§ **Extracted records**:
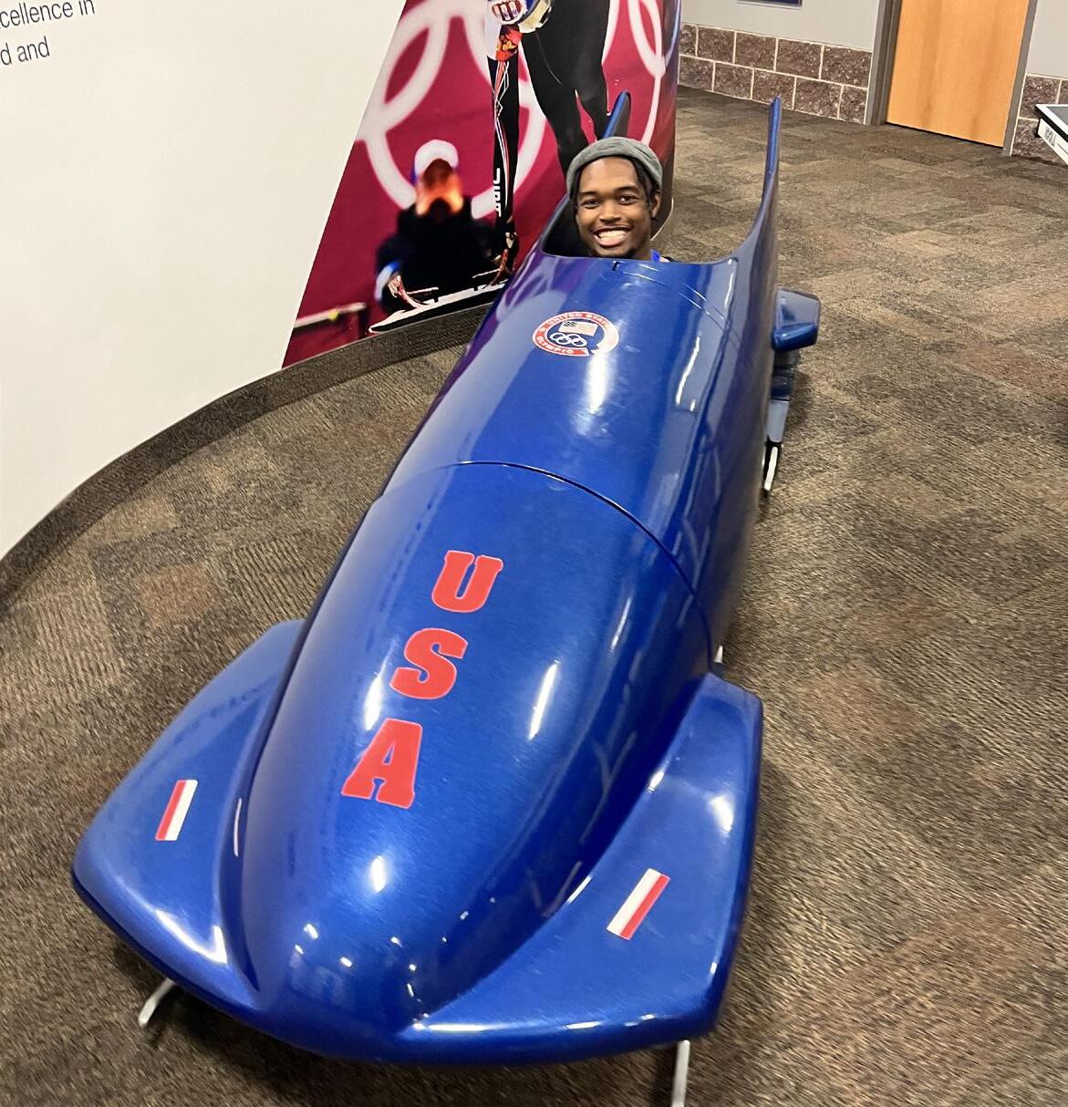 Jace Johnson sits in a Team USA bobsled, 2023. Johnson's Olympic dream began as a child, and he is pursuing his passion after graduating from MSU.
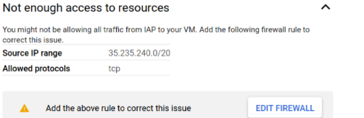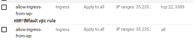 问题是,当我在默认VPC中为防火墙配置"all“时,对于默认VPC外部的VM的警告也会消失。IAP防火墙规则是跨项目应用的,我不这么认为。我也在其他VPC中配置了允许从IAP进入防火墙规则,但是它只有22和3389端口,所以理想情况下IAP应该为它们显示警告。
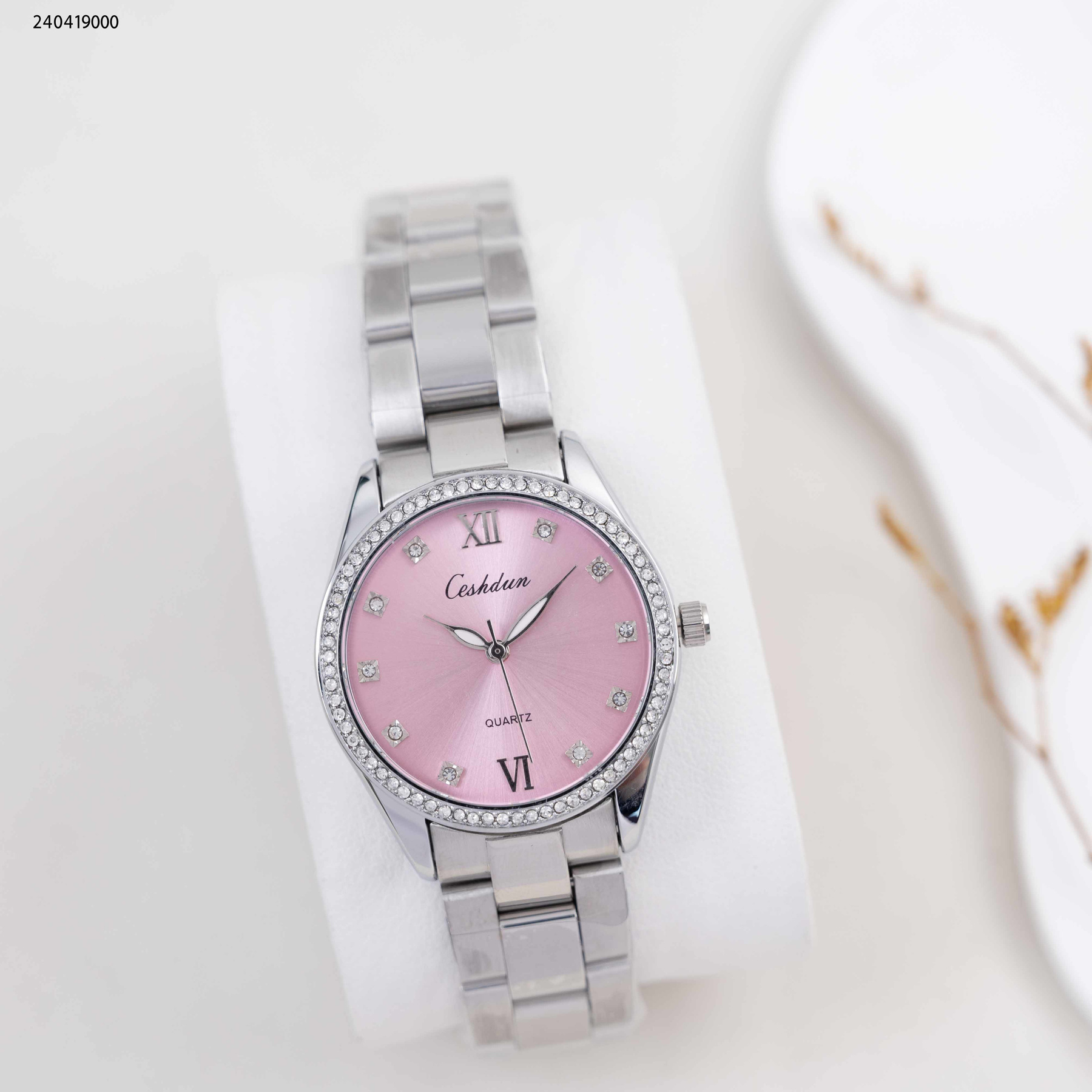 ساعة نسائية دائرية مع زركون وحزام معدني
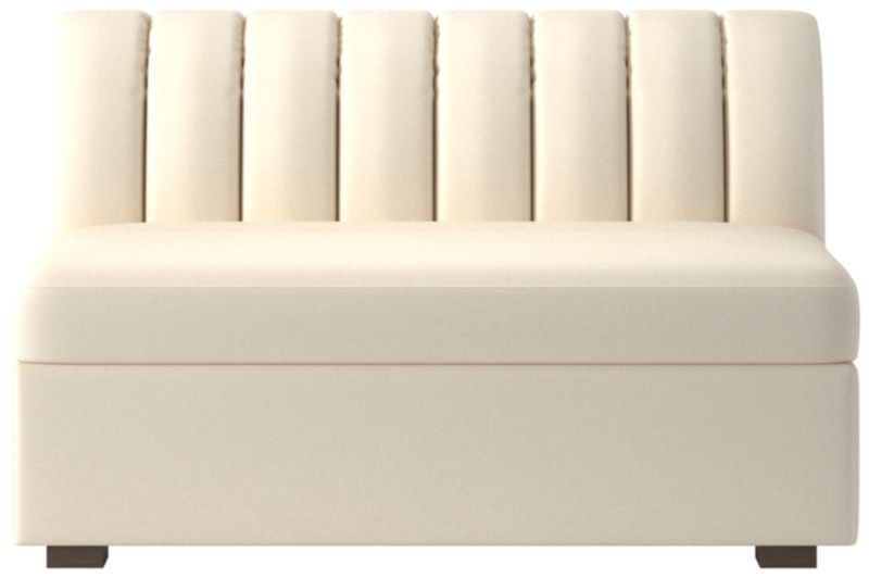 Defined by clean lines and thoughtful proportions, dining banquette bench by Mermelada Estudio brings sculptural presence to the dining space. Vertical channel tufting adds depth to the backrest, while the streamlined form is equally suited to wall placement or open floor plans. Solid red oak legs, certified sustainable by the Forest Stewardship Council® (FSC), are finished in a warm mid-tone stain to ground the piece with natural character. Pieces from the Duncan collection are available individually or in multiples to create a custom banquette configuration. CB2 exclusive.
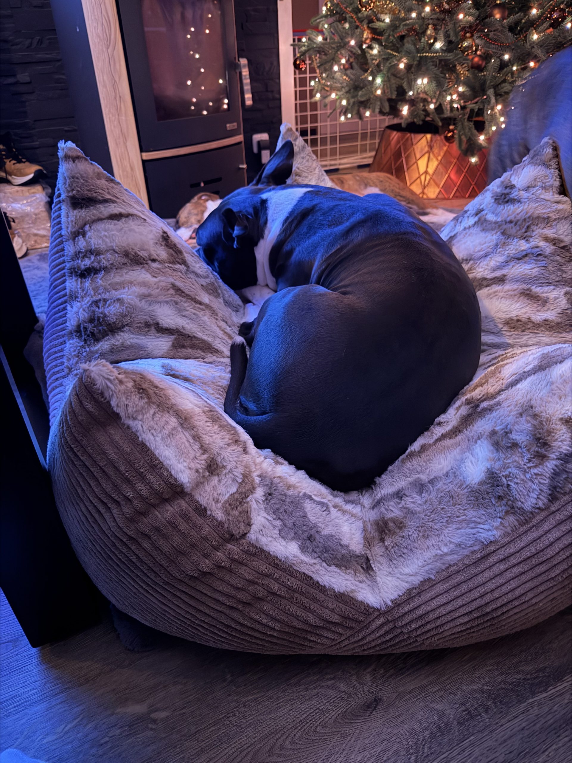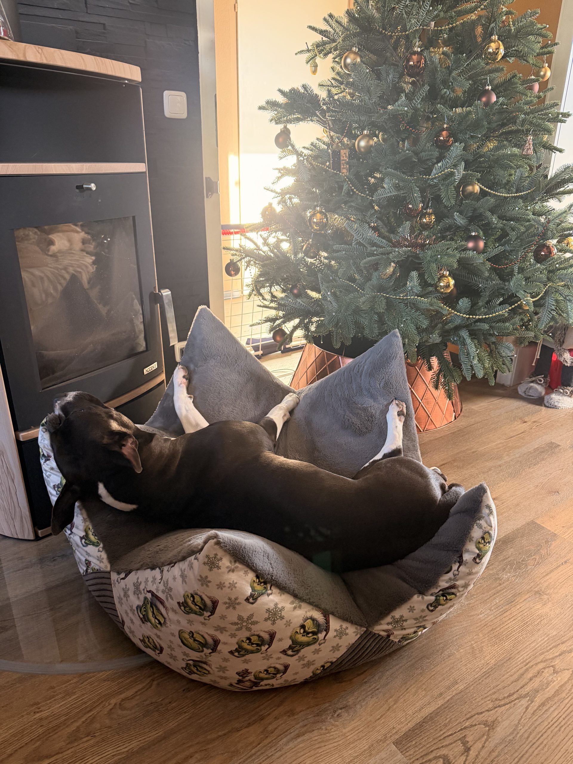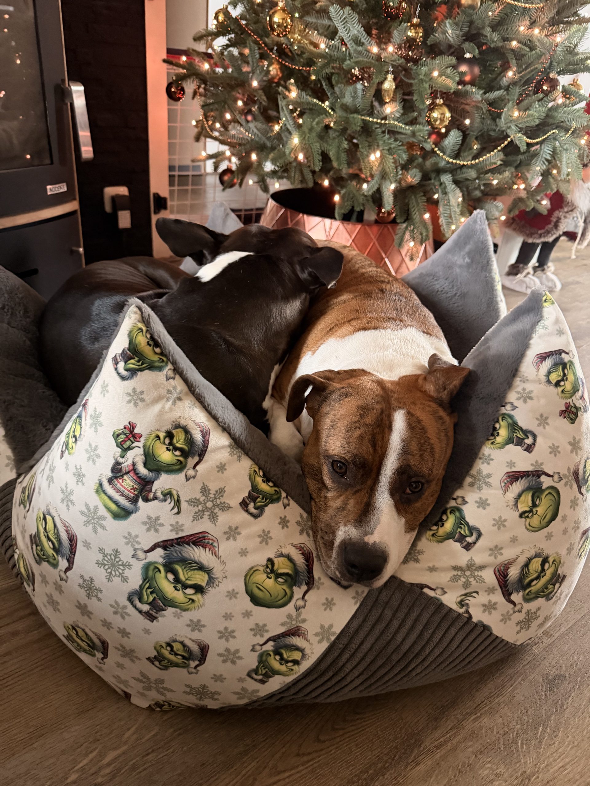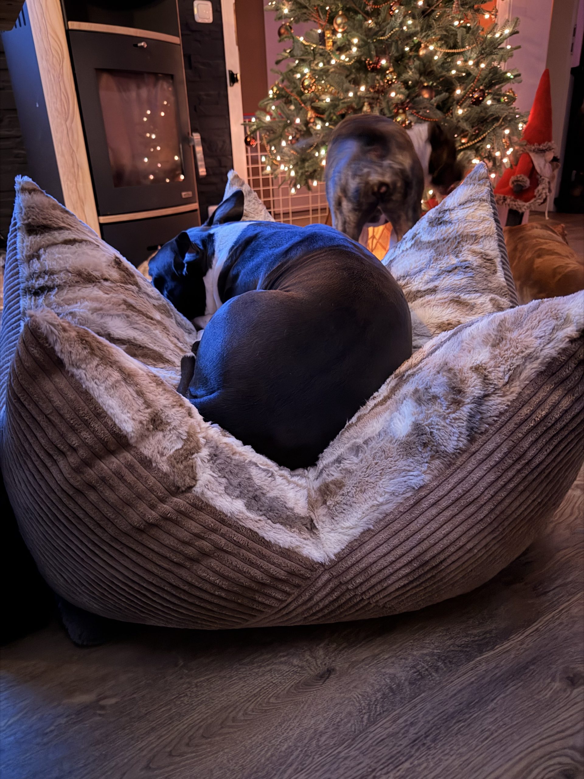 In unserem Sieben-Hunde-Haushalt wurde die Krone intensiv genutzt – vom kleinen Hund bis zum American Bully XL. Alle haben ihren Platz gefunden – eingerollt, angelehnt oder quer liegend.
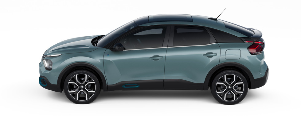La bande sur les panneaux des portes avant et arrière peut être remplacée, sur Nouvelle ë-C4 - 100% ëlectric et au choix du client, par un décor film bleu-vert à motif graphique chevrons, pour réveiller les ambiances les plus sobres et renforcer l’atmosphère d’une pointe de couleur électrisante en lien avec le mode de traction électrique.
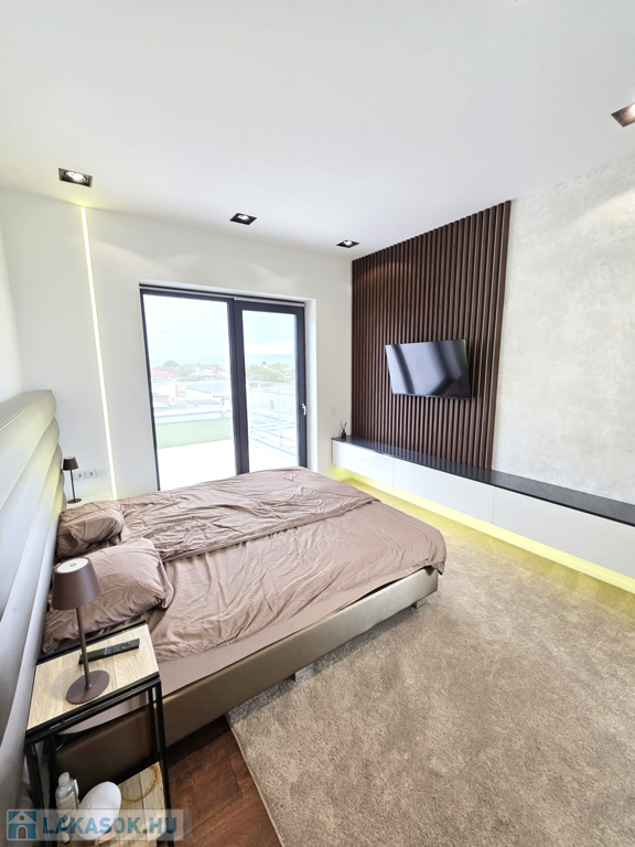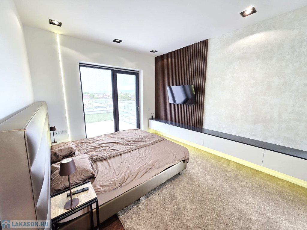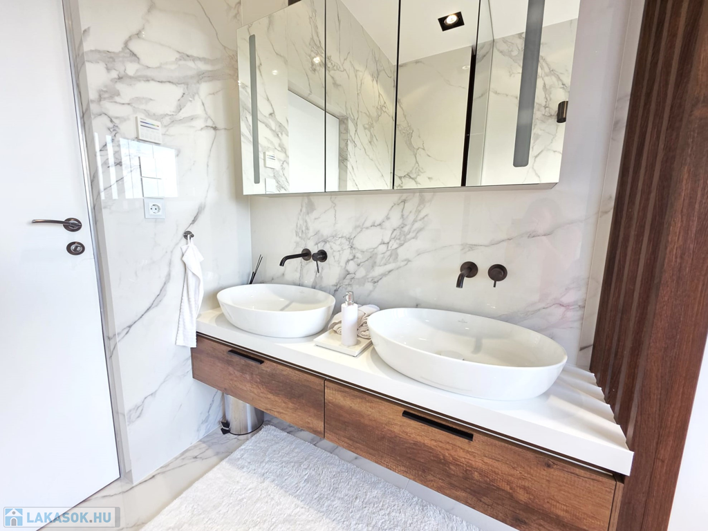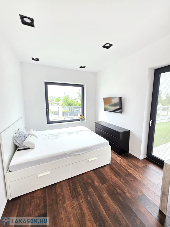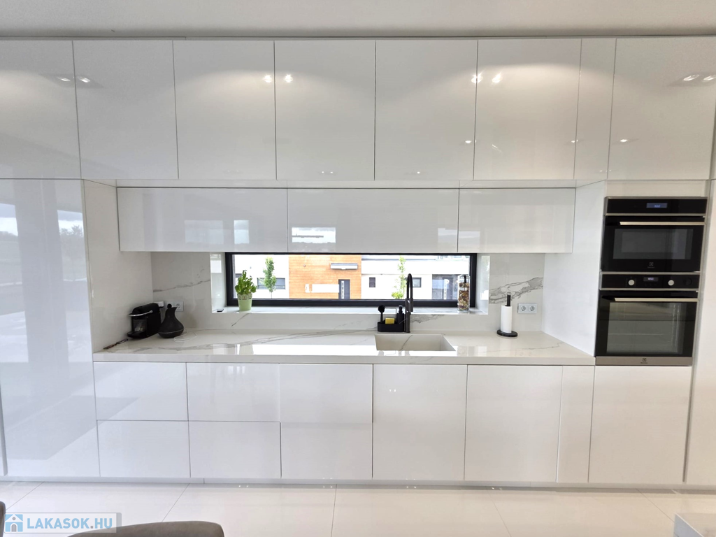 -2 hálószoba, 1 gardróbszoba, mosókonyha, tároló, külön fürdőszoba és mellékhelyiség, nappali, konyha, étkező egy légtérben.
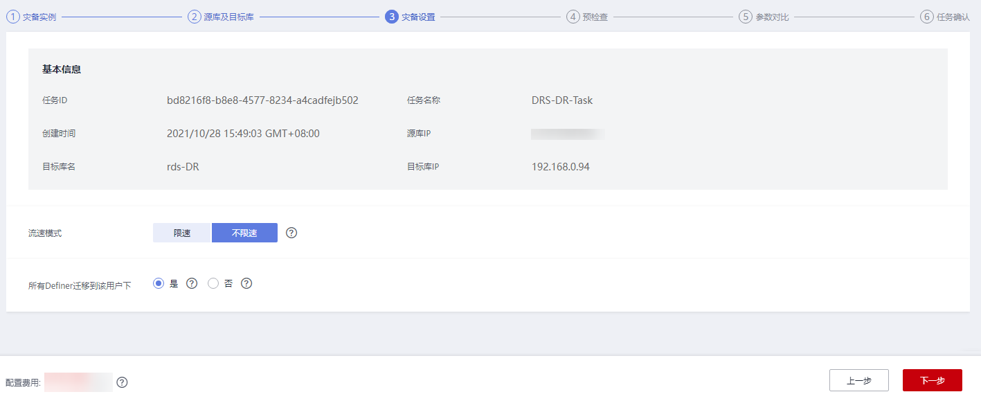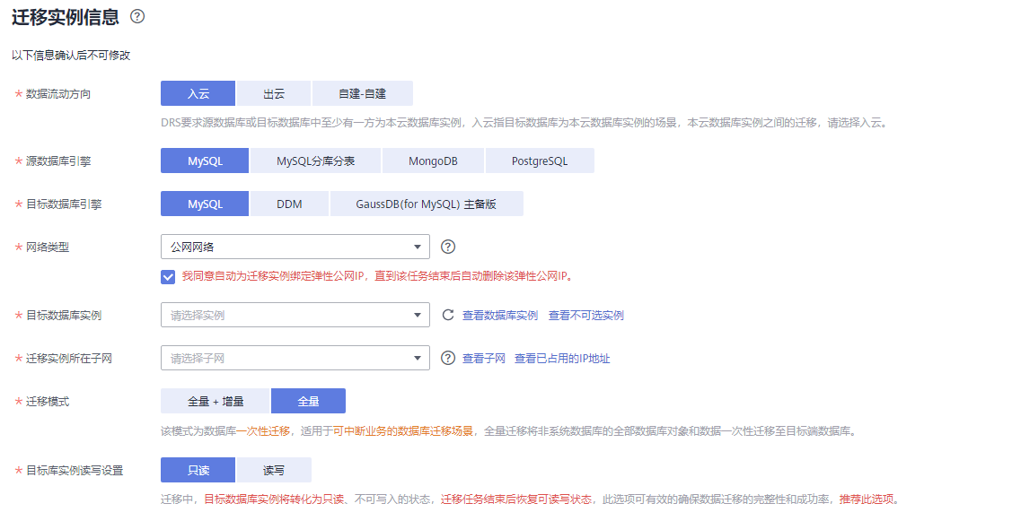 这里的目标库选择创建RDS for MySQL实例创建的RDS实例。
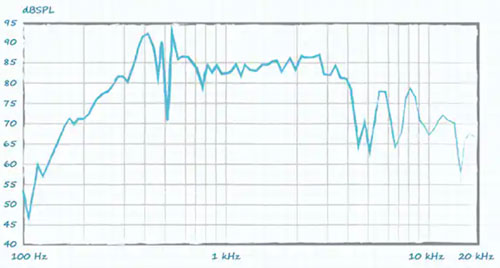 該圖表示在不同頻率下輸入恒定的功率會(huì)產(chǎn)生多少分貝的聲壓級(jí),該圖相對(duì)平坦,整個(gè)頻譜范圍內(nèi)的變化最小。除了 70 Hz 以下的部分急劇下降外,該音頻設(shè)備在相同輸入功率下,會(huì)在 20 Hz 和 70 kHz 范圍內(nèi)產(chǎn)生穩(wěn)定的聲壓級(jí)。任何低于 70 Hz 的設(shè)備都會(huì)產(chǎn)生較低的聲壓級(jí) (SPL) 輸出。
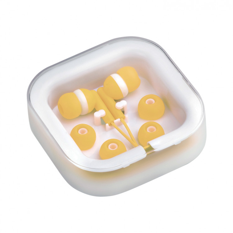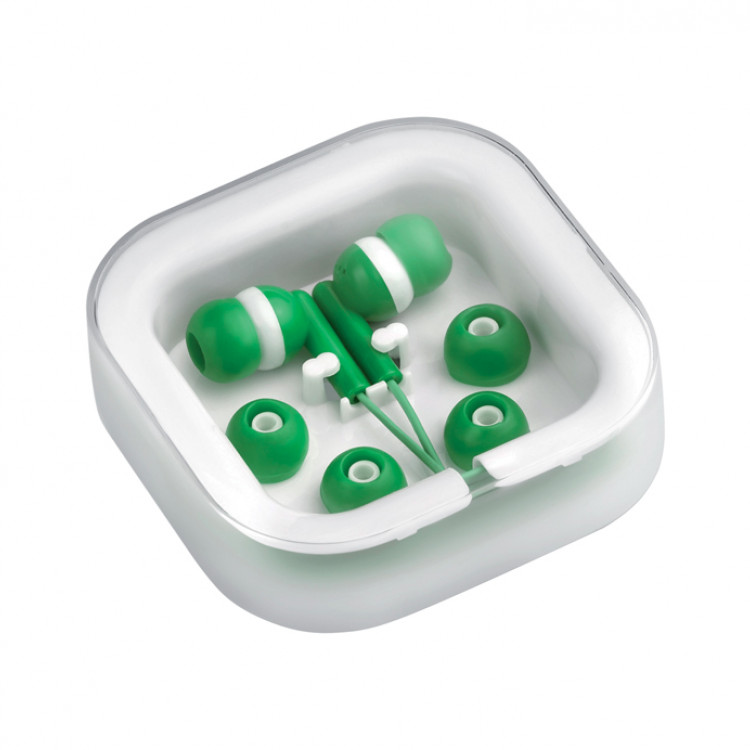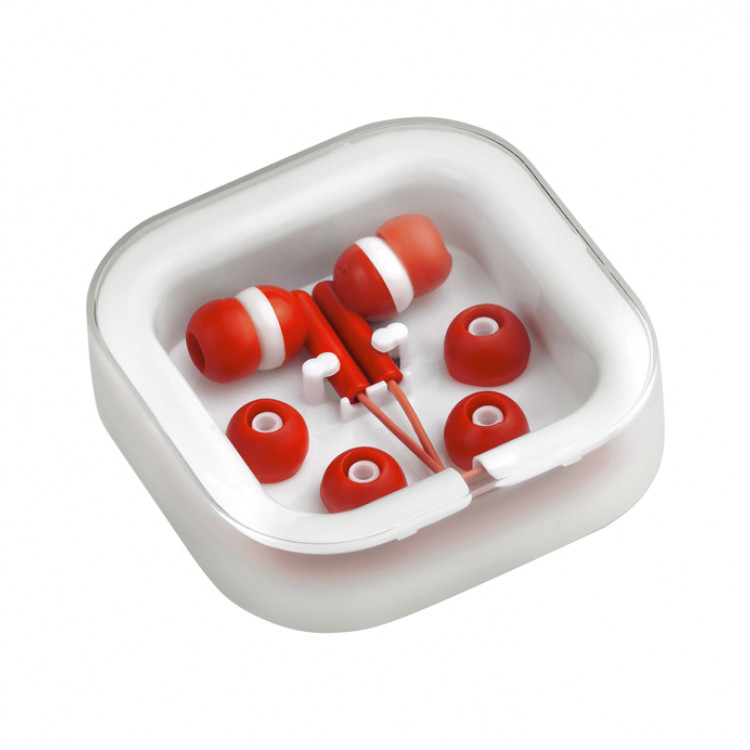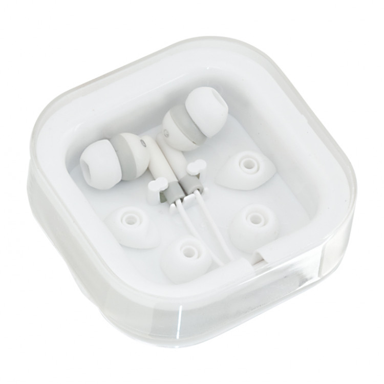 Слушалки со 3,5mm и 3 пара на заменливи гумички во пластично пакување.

§ **EXERCISE PROMPT**: Only the lines from the beginning of the records through the line bearing "ساعة نسائية دائرية مع زركون وحزام معدني" belong in the answer, copied word for word with pictures left out.

§ **FINISHED EXERCISE**:
 Jace Johnson sits in a Team USA bobsled, 2023. Johnson's Olympic dream began as a child, and he is pursuing his passion after graduating from MSU.
 问题是,当我在默认VPC中为防火墙配置"all“时,对于默认VPC外部的VM的警告也会消失。IAP防火墙规则是跨项目应用的,我不这么认为。我也在其他VPC中配置了允许从IAP进入防火墙规则,但是它只有22和3389端口,所以理想情况下IAP应该为它们显示警告。
 ساعة نسائية دائرية مع زركون وحزام معدني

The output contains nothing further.